**The problem**
After locating the line that bears "2016年11月11日15时", restate word for word that line and the rest of the listing to its final line, excluding all pictures.

**Recorded data**
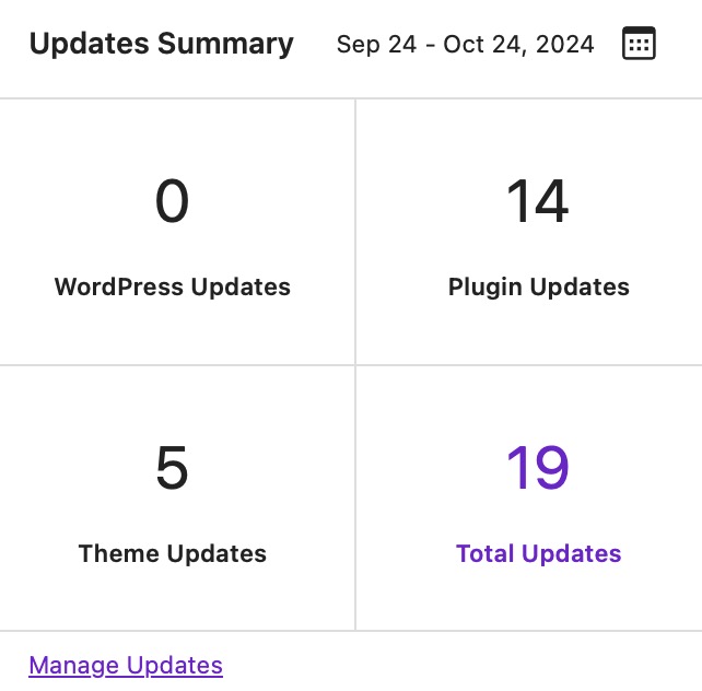 The Updates Summary card provides the summary of all updates made on the site’s WordPress core, plugins, and themes within a specific timeframe. This card is essential for keeping track of update activity. By reviewing this card, you can monitor whether updates are happening regularly or if there are gaps in the update activity, as it is important to ensure all WP components are running their latest versions to mitigate vulnerabilities.
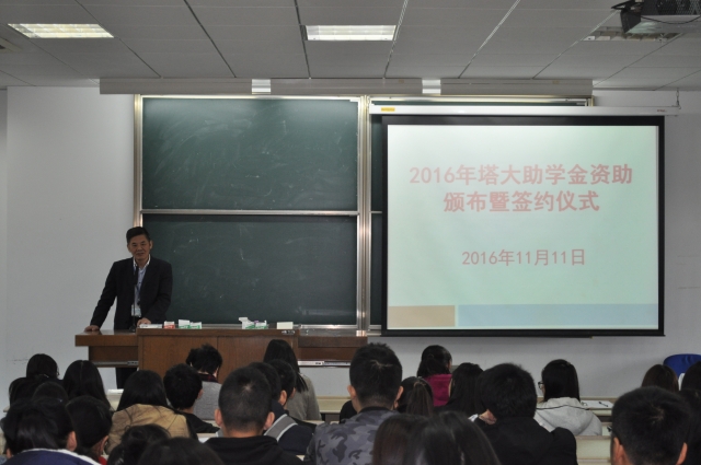 2016年11月11日15时,塔斯马尼亚大学助学金颁布暨签约仪式在3044永利集团5101教室举行。仪式由3044永利集团学工办副主任马春广老师主持,3044永利集团王基组经理、党总支书记杨妍艳老师、院办、学工办及各年级辅导员老师、塔大资金资助员工以及各班班长、团支书等员工代表们均出席了此次仪式。
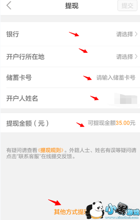 5. 提现。点击提现,银行卡提现的话填写相应信息和提现金额。也可以选择其他方式提现即支付宝提现。支付宝提现填写支付宝账号,姓名,金额。

**Solved problem**
 2016年11月11日15时,塔斯马尼亚大学助学金颁布暨签约仪式在3044永利集团5101教室举行。仪式由3044永利集团学工办副主任马春广老师主持,3044永利集团王基组经理、党总支书记杨妍艳老师、院办、学工办及各年级辅导员老师、塔大资金资助员工以及各班班长、团支书等员工代表们均出席了此次仪式。
 5. 提现。点击提现,银行卡提现的话填写相应信息和提现金额。也可以选择其他方式提现即支付宝提现。支付宝提现填写支付宝账号,姓名,金额。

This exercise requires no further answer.